Wpis z mikrobloga

Mirki z #katolicyzm wyjaśnijcie mi jak to jest, bo tak średnio ogarniam.
Jak chodziłem na religię to usilnie mi wpajano, że bóg jest wszędzie. W każdym zwierzęciu, roślinie, każdym z nas itd.
Czyli że no dosłownie jest wszędzie i nie tylko w "niebie".
Jaki jest zatem sens spowiedzi i pokuty, skoro odpowiadasz za czyny, jakby nie patrzeć - przed samym sobą i według mnie to żal do samego siebie i wyrzuty sumienia są o wiele gorsze niż odmówienie 10 zdrowasiek.

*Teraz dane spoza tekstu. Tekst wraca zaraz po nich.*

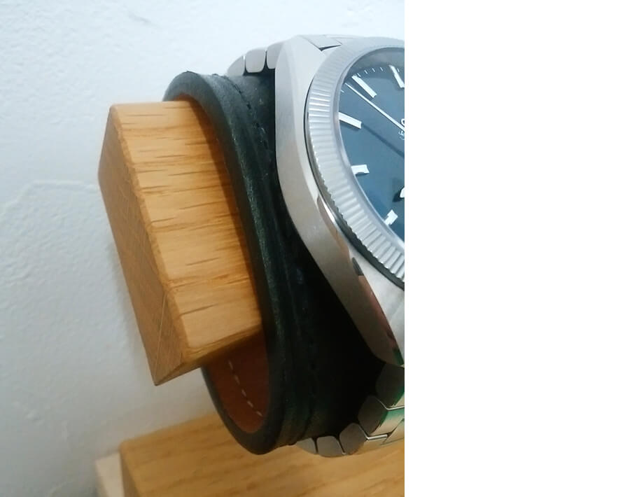 A. 冒頭でも書きましたが、価格の割にバックルの形・革の色・質感全てが期待以上でした。特に色については、単純な黒ではなく、ちょっと外した感じの色:藍鉄が他所では見られない色で、特に気に入っています。あと、サイズカットしたベルトの余り革を時計の保護剤に使用しています。ぴったりなんですよね。

No właśnie, dlaczego ksiądz musi pośredniczyć przy spowiedzi pomiędzy grzesznikiem i bogiem? Skoro modły lecą bezpośrednio, to dlaczego spowiedź nie może być bezpośrednia? Skąd bierze się pokuta? W seminarium mają jakieś protipy jak to ustalać czy raczej według widzimisię spowiednika?
No i dlaczego jest takie ciśnienie na zdrowaśki? Jeszcze jak byłem młodszy, praktykowałem i nie myślałem do końca samodzielnie to chodziłem do spowiedzi. No spoko, potrafię docenić niektóre aspekty procesu, ale czemu nigdy żaden ksiądz nie powiedział mi "idź przeproś xyz" albo "pomóż zyx bo przez ciebie cierpiał"? Zawsze, dosłownie zawsze słyszałem 20x coś tam, 30x coś tam. No, rozumiem że w warunkach dobrej spowiedzi jest w ostatnim punkcie żeby zadośuczynić, ale jaki jest sens w mechanicznym dukaniu ustalonego tekstu, o którym swoją drogą nikt nigdy nie mówił skąd się wziął?

#katolicyzm #spowiedz #modlitwa taguję też #gimboateizm bo i tak by ktoś tu zaraz wrzucił.
  • 5
@Wyrewolwerowanyrewolwer: @Obstrukcja: Tak na mój chłopski rozum ksiądz kiedyś robił za takiego psychoterapeutę. Ot czasami musisz się wygadać z czegoś o czym nie powiesz żonie, matce, bratu, szlachcicowi bo głupio, wstyd albo gorzej. Zrzucasz coś z siebie a lepiej się zrzuca jeśli ktoś Ci powie "ok, spoko... Bóg Ci wybaczył" Przymusu nie ma, Bóg jest wszędzie, możemy sobie z nim gadać bezpośrednio ale niektórzy potrzebują namacalnego odpuszczenia win.